Barcelona, na Espanha, é a principal referência no mundo em cidade inteligente - Foto: Shutterstock
O conceito de smart city, ou “cidade inteligente”, vem se tornando cada vez mais conhecido e de alguma forma associado a diferentes segmentos da sociedade e da economia, incluindo a indústria. “Os últimos anos têm sido dinâmicos e transformadores em todos os setores da sociedade e a indústria já não pode se preocupar apenas com questões mais específicas de sua atuação, como equipamentos e logística. É preciso ter uma visão ampla e integrada à sociedade como um todo”, afirma Jean Vogel, diretor executivo do Ágora Tech Park, sediado em Joinville, e presidente da Câmara de Smart Cities da FIESC, recentemente criada justamente para fortalecer a conexão da indústria com o tema.
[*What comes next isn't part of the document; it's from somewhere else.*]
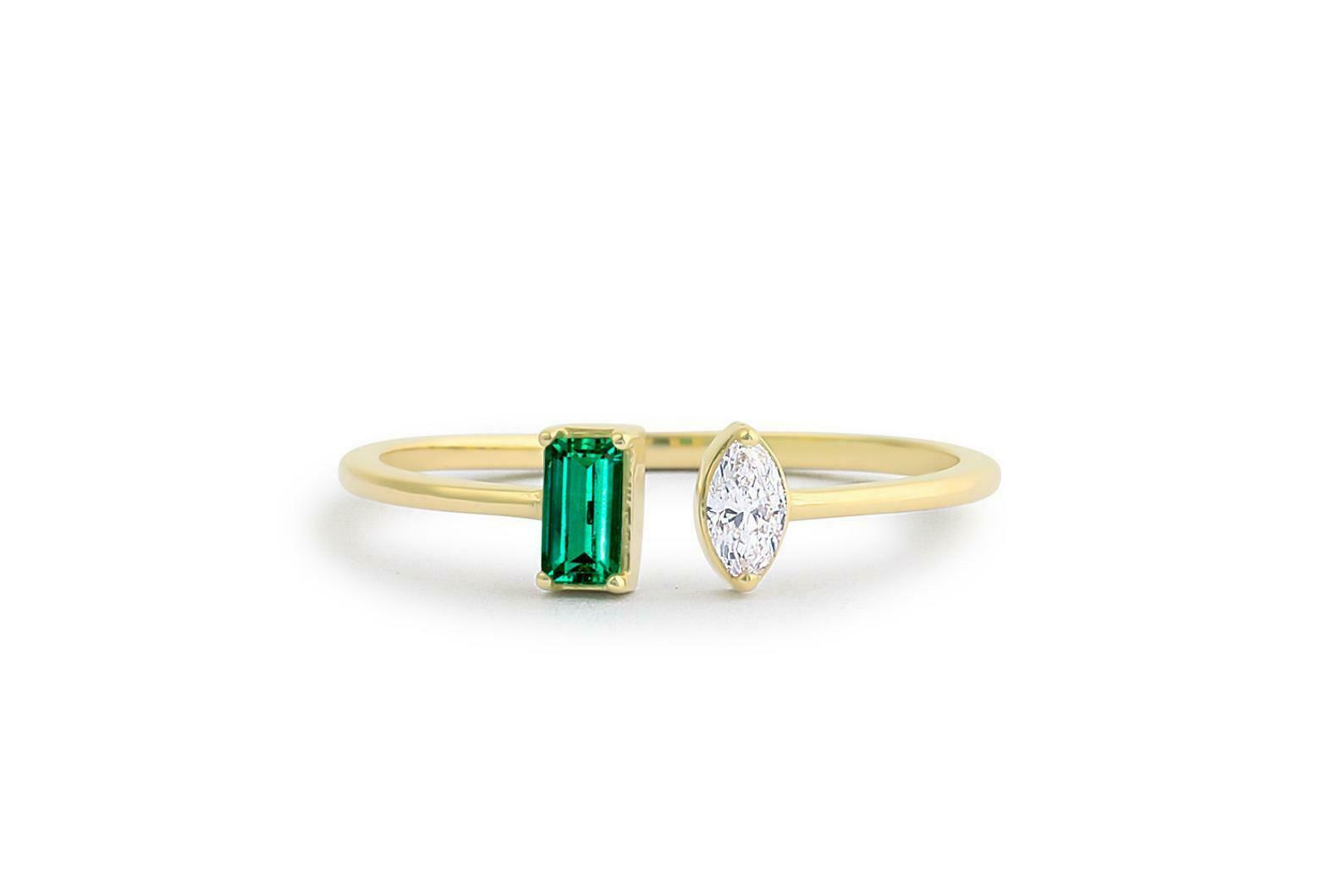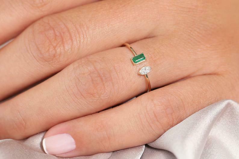 0.7ct Baguette Cut Green Emerald Open Cuff Stackable Engagement Ring 14k Yellow Gold Over

A Câmara surge como um fórum de debates sobre as transformações necessárias para que as cidades catarinenses se aproximem de um modelo mais equilibrado de desenvolvimento. “Muita gente associa o termo smart city aos avanços tecnológicos, mas não é só isso. Ele diz respeito ao conjunto de atributos que tornam um lugar bom para viver e bom também para realizar negócios, já que um aspecto está cada vez mais associado ao outro”, explica Vogel.
Há dois grandes pontos de aproximação entre a filosofia das smart cities e a indústria. O primeiro é estrutural: ao promover inclusão, sustentabilidade e qualidade de vida, uma cidade terá mais sucesso em atrair empresas e será também um lugar em que os melhores profissionais desejarão viver. Ou seja, é um tema transversal, que se relaciona com todos os aspectos da vida das pessoas e das empresas.
O outro ponto de grande interesse para a indústria catarinense é a exploração de novos mercados, representada pelo fornecimento de produtos e equipamentos que ajudem as cidades a aprimorar a infraestrutura nas mais diversas áreas: transporte, saúde, construção civil, segurança e urbanismo, entre várias outras, que demandam soluções envolvendo otimização de recursos, integração de fontes de informações e diminuição de impacto ambiental, por exemplo. Esses produtos tendem a ter alto valor agregado pois envolvem novas tecnologias, a exemplo de Inteligência Artificial, IoT (Internet das Coisas), Big Data, Indústria 4.0, Realidade Virtual e Realidade Aumentada.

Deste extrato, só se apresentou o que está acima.